With each syllable, my soul lightens. He didn't hate me. He understood. Thank you, Max.
"Liz, I'm sorry. I'm sorry for not
listening, for all those things I said but most of all, I'm sorry for hurting
you," he continued with deep regret.
I touch his face and ease the lines of worry that reside there. "It's okay," I reiterate. "I'm sorry too," I add, still
feeling residues of guilt.
The guilt triggers a small dark cloud of doubt and worry. "But Max, what if …" I start to
say.
"What if the end of the world comes?" Max picks up on my
thoughts. "Now that I know what
happens, I won't let it," he says with conviction.
"What if you can't? I mean, what
if what we just did makes that future real again?" I ask him worriedly.
He smiles. "It won't. I'll make sure it won't. I know Tess is the key. I'll make sure she remains part of the
group."
"How? Are you going to tell
her?" I wonder out loud. If that's
what it took, then I'd stand by his decision. I'd even tell her myself.
"No. But I won't ignore her or
make her feel left out. I can be a
friend. You can too. We all can. She's not really a bad person. And if we can make her feel like she belongs here, she won't want to
leave Roswell," he explains. Is it
that simple? I want to believe him so
desperately.
I look at his face, his eyes and I find that I do believe him. I nod my head in agreement. What was that old saying? "The truth shall set you free". It does, in more ways than one.
***
"So I really had gray hair, huh?" Max switches the subject
suddenly, teasing me with a light
tone.
I grin and answer "Yeah," with a little glint in my eye. After the emotional rollercoaster of the
past few days, I welcome his levity.
"So what did you think about me? I
mean, future me?" Max asks.
A blush creeps up on my face. "I
think you were … are going to be … kinda sexy," I say shyly.
Max preens, self-mockery evident in his stance. "Guess I'll have to grown my hair long then, huh?" he
kids.
"I can't wait to see it," I tell him in half-serious tone.
"Neither can I. Because that means
we'll be together then," Max replies.
He pulls me into his arms once again, holding him tightly, as though he was
afraid I was going to disappear. He
lifts his head, pulls back and sighs. "Liz …" he cries out just before his lips descend on mine.
I close my eyes, savoring the anticipation of another kiss.
***
"Liz …" I hear a murmur, then feel a slight tap on my shoulder.

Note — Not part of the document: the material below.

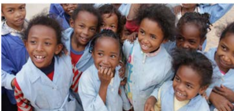
Association SETAM, pour la scolarisation des enfants démunis et de la rue à l'Ecole de l'Espoir située à Tsiadana (Tanarive)

Bravo et félicitations à nos bénévoles Inscrivez-vous sur nos listes pour la prochaine expo du 30 nov au 10 décembre contact@setam-auray.org ou 02 97 56 41 30

Startled, my eyes open. Isabel is standing before me. Where did Max go?
"Liz ... What are you doing out
here all by yourself? We're supposed
to stick together," she tells me.
"I …" The words die in my mouth. I look around to search for Max. He is nowhere in sight.
***
I look at Isabel and ask, "Where's Max?"
"Max? He's at the house. He's been there for the past half-hour,
waiting for you. We all have. We need to go now," she tells me.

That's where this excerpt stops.